Breast cancer is the most common tumor detected in women worldwide.1 According to Global Cancer Statistics, a worldwide breast cancer incidence of over 2.26 million was noted in 2020, leading to about 684,996 deaths.2 In Brazil, the National Cancer Institute (INCA) has estimated 73,610 new breast cancer cases for each year of the three-year 2023–2025 period.3 The early diagnosis of this disease, however, enables better therapeutic responses and higher survival rates.4

Several complications of breast cancer are noted, which can include pain and stiffness in the joints in patients undergoing treatment. Hormonal therapies can harm bone health, increasing the risk of fractures. Fatigue, also occurs in up to 94 % of patients after the diagnosis of breast cancer.5 And breast cancer treatments, often leads to low levels of physical activity (PA) following treatment.6 “Physical activity is defined as any bodily movement produced by skeletal muscles that results in energy expenditure”.7 Lack of physical activity can cause deconditioning and reduced physical functionality.8 In this sense, a sedentary lifestyle can, in turn, lead to long-term effects, such as unfavorable body compositions, such as sarcopenia.9

This condition can also occur as a direct oncological consequence, as evidence suggests that tumor masses are responsible for the production of inflammatory cytokines, such as tumor necrosis factor (TNF) and interleukin 1 (IL-1), both of which are associated to sarcopenia development.10 In oncology, the presence of sarcopenia has been associated with reduced efficacy of antineoplastic therapies, postoperative complications, and worse overall survival for several tumors.11

The term sarcopenia was first employed in 1989 by Inwin Rosenberg, who described this condition as a muscle mass decline associated to the aging process.12 In 2010, the European Working Group on Sarcopenia in Older People (EWGSOP) proposed a new sarcopenia definition, consisting in a muscular and skeletal disorder characterized by progressive reductions in both muscle mass and strength associated with an increased likelihood of adverse effects, including falls, fractures, physical morbidities, impaired ability to perform daily living activities and mortality.13 In this sense, a prospective analysis of 461 patients recently diagnosed with early-stage or metastatic cancer and who underwent curative surgery and had not undergone chemotherapy or radiotherapy before, observed a prevalence of sarcopenia of 17 %,14 while a meta-analysis relating to female patients, evaluated at any time after the diagnosis of breast cancer, indicated that those classified as sarcopenic had a 68 % higher risk of mortality compared to non-sarcopenic patients.15

The EWGSOP2 Guideline considers three factors for a sarcopenia diagnosis, namely low muscle strength, low muscle quality, and low physical performance. Probable sarcopenia is categorized as a low muscle strength condition, while sarcopenia is established by the association of low muscle strength and low muscle mass. Furthermore, this condition is categorized as severe when both low muscle strength and low muscle mass are associated to low physical performance.16

Given the complications and severity related to the development of sarcopenia in patients with cancer11,13 and given the few studies on the prevalence of this clinical condition, which analyze women who have at least already undergone surgical treatment for breast cancer,14,17,18 it is relevant to conduct this survey prior to cancer treatments, in this context, this study's primary objective is to evaluate the prevalence of sarcopenia and as a secondary objective to observe whether there are associations with weekly energy expenditure and PA levels in women evaluated by a physical therapy service at the time of breast cancer diagnosis in a reference cancer hospital.

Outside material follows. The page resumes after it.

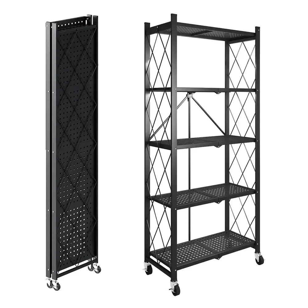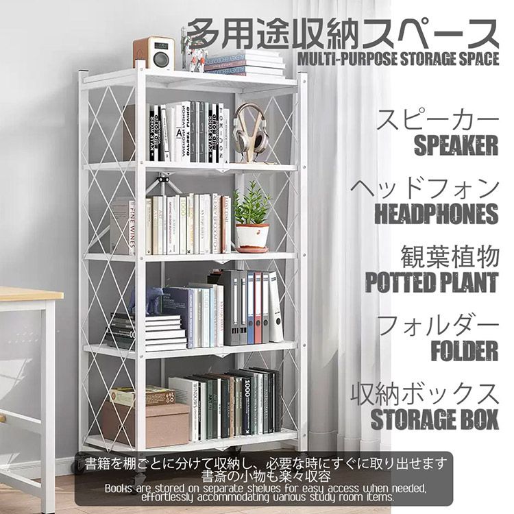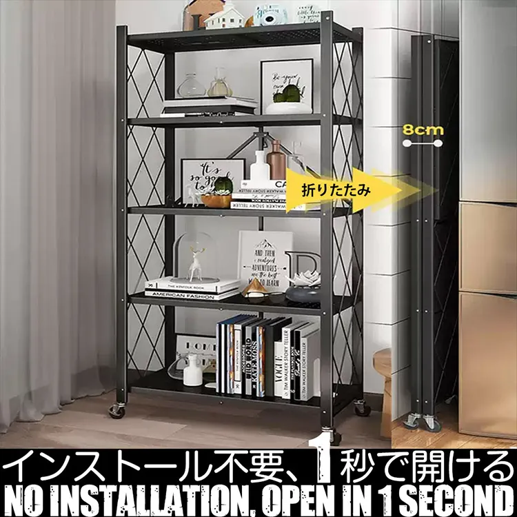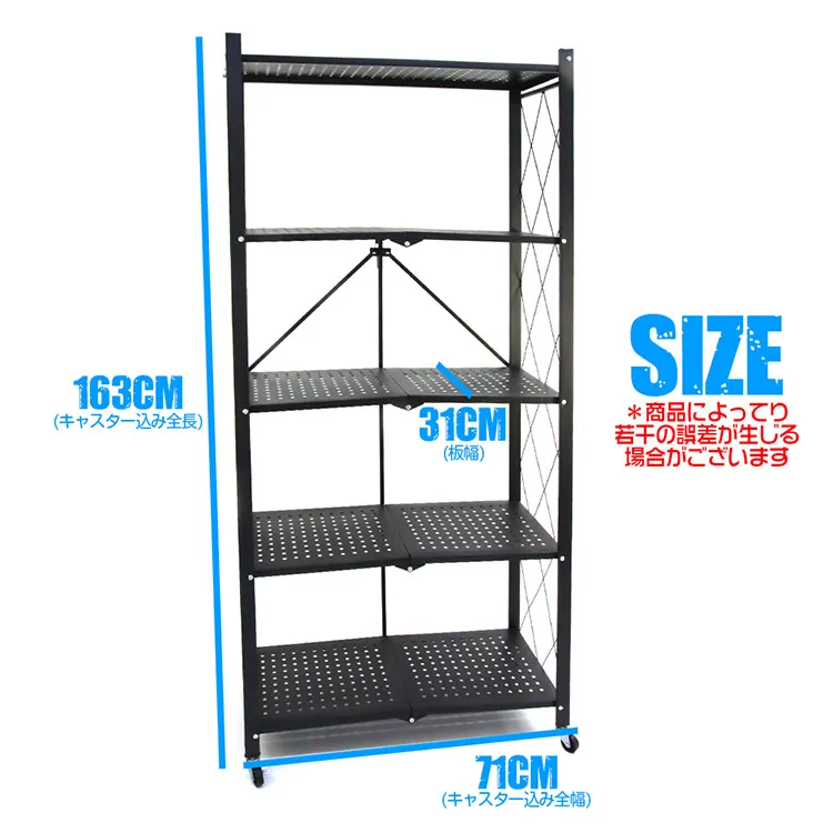 ■折りたたみ式の5段メタル収納ラックの出品です。家庭用収納やキッチン収納など、様々な場所で活躍します。

This study comprises a cross-sectional assessment belonging to the project entitled “Prehabilitation program for women indicated for surgical breast cancer treatment”, approved by the INCA Ethics and Research Committee (approval number 4.576.731), conducted at the HCIII/INCA Physical therapy sector between June 2021 and June 2022. Women over 18 years old presenting with breast cancer, enrolled for treatment at the HCIII/INCA, and who attended their first physical therapy consultation after being admitted to the institution, were included in the study. Women with a previous cancer diagnosis, presenting tumor stages 0 or IV, who performed physical exercise for at least 90 min a week, who were unable to answer the study questionnaires or who exhibited orthopedic, neurological, cardiorespiratory, and/or renal dysfunctions making it impossible to perform the functional tests were excluded. Patients who met the eligibility criteria were invited to participate, and after agreeing, signed a Free and Informed Consent Form (FICF). Sarcopenia was assessed through muscle strength, muscle mass, and physical performance measurements, and PA levels were assessed through a specific questionnaire. Sociodemographic characteristics (age, ethnicity, marital status, and education) and clinical characteristics (clinical staging and body mass index (BMI)) were obtained from electronic medical records.

Sarcopenia was classified as probable when low muscle strength was present, as confirmed when the patient exhibited both low muscle strength and low muscle mass and severe when low muscle strength and low muscle mass were associated with low physical performance.16 Patients who did not meet any of these criteria were classified as nonsarcopenic.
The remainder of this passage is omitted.